The renowned businessman supported Magic Johnson after his HIV diagnosis and helped spark a national dialogue. 

Former NBA commissioner, David Stern, died this week at the age of 77.

A lawyer and businessman by trade, Stern was acting commissioner of the NBA from 1984 to 2014, and during that time he faced many milestones and crises. His greatest accomplishment was standing by Los Angeles Lakers icon Magic Johnson when he announced he was living with HIV in 1991.

At the time, HIV treatment was not as sophisticated as it is today. Much of the public continued to believe the virus was a death sentence, including Stern himself.

“Everyone [thought Johnson would die],” Stern told amfAR in 2016. “That was the nature of HIV/AIDS in this country at the time. I didn’t think about what next steps to take until I hung up.”

Johnson was a trailblazing player in the 1990s. As USA Today noted in an opinion piece about Stern and Johnson, the player was “one of the game’s most popular and marketable players who helped rescue the NBA in the 1980s.”
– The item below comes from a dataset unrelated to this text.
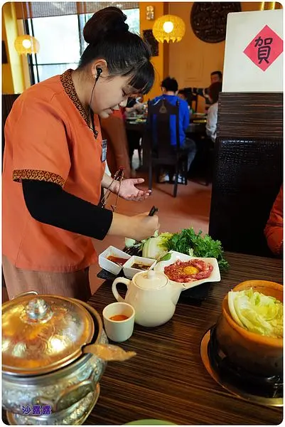 風味鍋的菜&料另外用盤子裝, 店員提供桌邊服務, 幫忙把料放入鍋中煮

Instead of distancing himself from Johnson after he came out poz, Stern chose to stand by him. As a result, he gave Johnson a much higher platform to speak about HIV, which drastically helped reduce stigma and jumpstart a new conversation about treatment.

In fact, Stern hired lead HIV researcher Dr. David Rogers to help educate the NBA.

“I learned things that I never thought I would have to know, such as the possibility of HIV passing through fluids, open sores, to get confident that we were proceeding in an intelligent way,” Stern said to amfAR. “Somewhere along the line, we realized that this was an opportunity to educate the world and to calm down the fear that anyone with HIV should be treated like a leper.”

Stern added, “I remember I became more fascinated by Magic’s T-cell count than the score of any game that was being played.”

Johnson’s health improved immensely in the months following his coming out, and fans voted him to play in the 1992 All-Star Game, though some players continued to perpetuate HIV stigma and fought against it, assuming that they’d contract HIV themselves if the NBA allowed Johnson to play.

Under the leadership of Stern, doctors visited teams and started educating players as well as investors about HIV, particularly how it’s transmitted. That in itself helped to redirect concerns both internally and publicly.

“I work for what I believe is in the best interest of all the owners," Stern told ESPN in an interview. "There are times when a particular owner or team has a different view. When events are fast-moving, I have to do what is best for the league. For the most part, the owners took our lead."

Johnson would go on to play in that All-Star Game, as well as the U.S. Dream Team at the 1992 Barcelona Olympics. He came back to the NBA in 1995 and played 32 games before retiring for good, reports USA Today.

As a result of Stern’s support for Johnson during this incredible time in history, a wider dialogue about HIV efforts followed, one that reverberates even today.